**WHAT THE EXERCISE ASKS:** Repeat all of the data below word for word, keeping no images.

**COLLECTED MATERIAL:**
•••
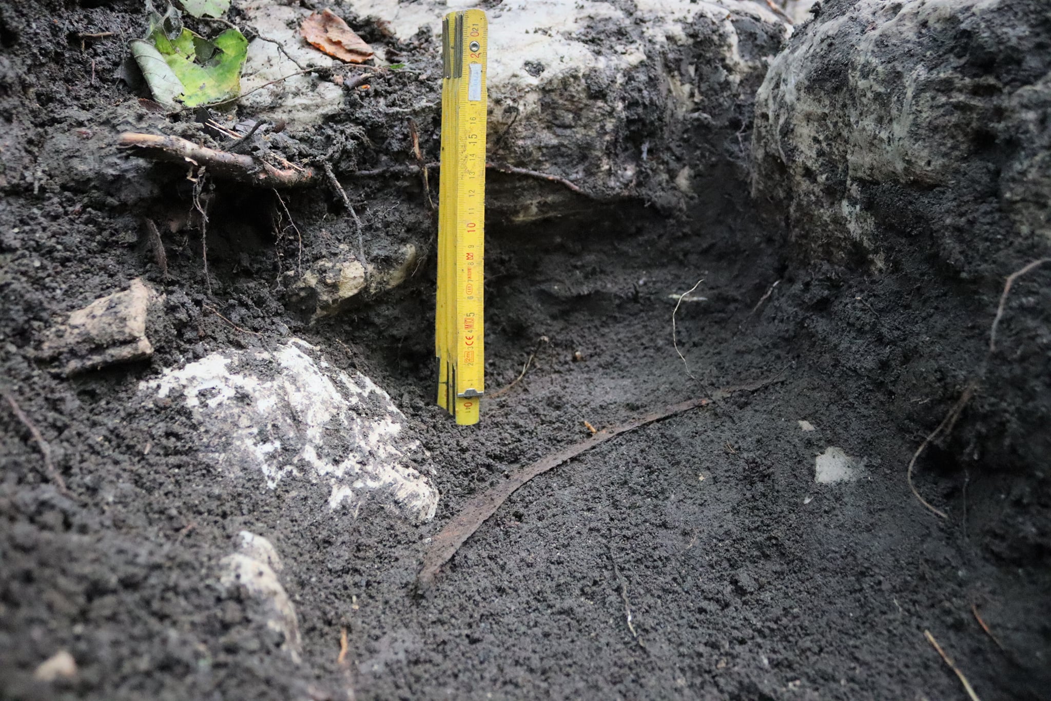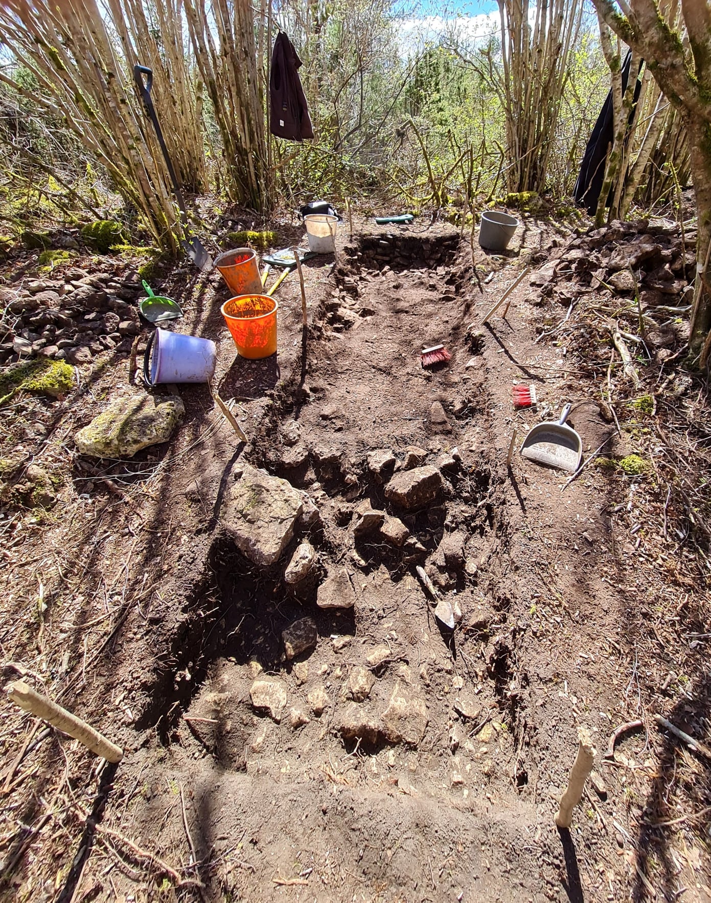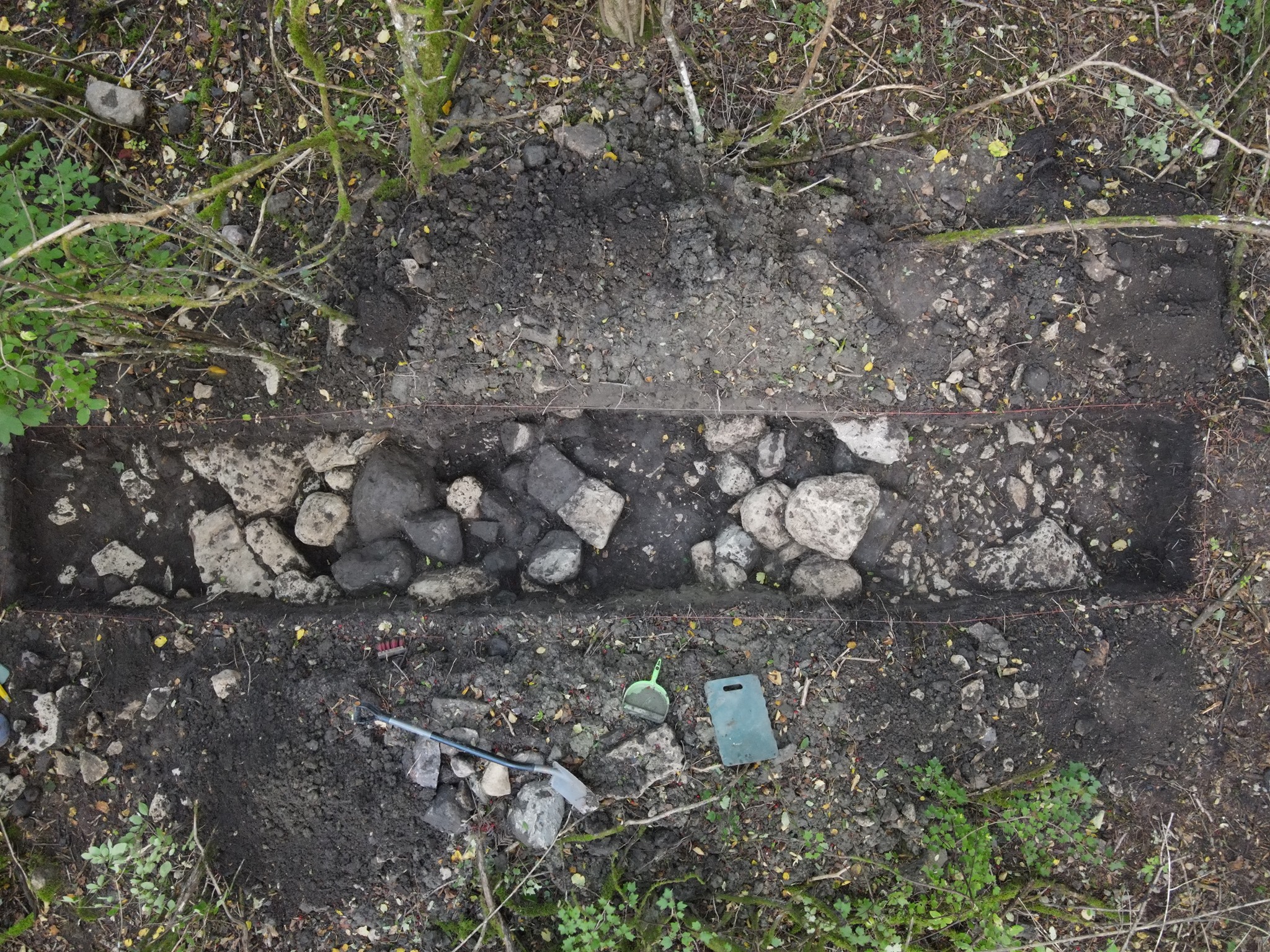 A trench was digged through the wall and the first finds were a pot sherd and animal bones. At the moment the site cannot be further dated, but the potsherd is more likely to be from the first half or from the middle of the Iron Age.
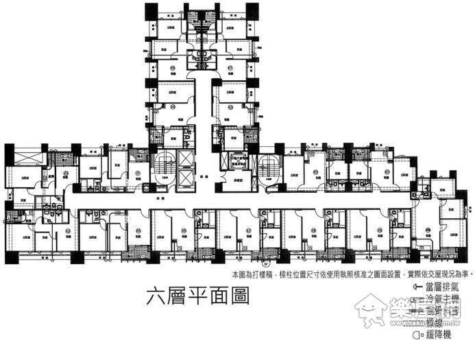 ▲ 六層平面圖:倒T型建築,中間為三座大電梯。
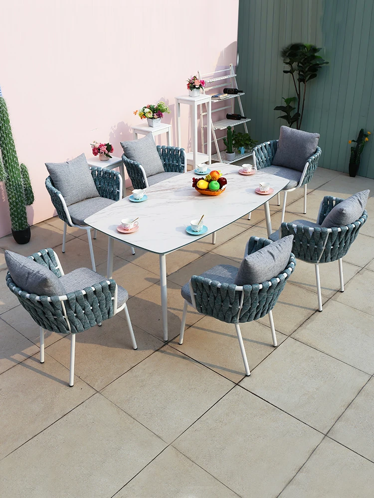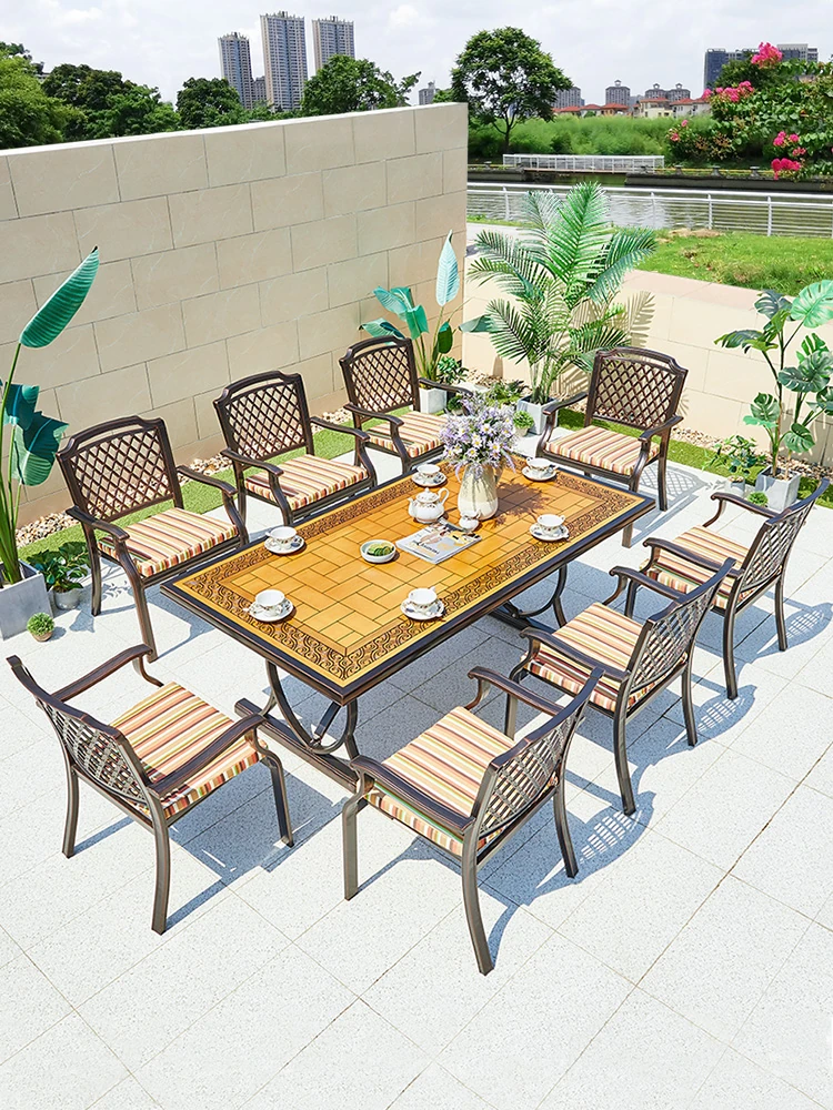 防水・UVカット!おしゃれなガーデンテーブル&チェアセット – アウトドア BBQに最適な長テーブルと透かし彫りのアルミ製椅子が揃った庭やテラスにぴったりのリラックス空間を演出します。
•••
**TASK RESULT:**
 A trench was digged through the wall and the first finds were a pot sherd and animal bones. At the moment the site cannot be further dated, but the potsherd is more likely to be from the first half or from the middle of the Iron Age.
 ▲ 六層平面圖:倒T型建築,中間為三座大電梯。
 防水・UVカット!おしゃれなガーデンテーブル&チェアセット – アウトドア BBQに最適な長テーブルと透かし彫りのアルミ製椅子が揃った庭やテラスにぴったりのリラックス空間を演出します。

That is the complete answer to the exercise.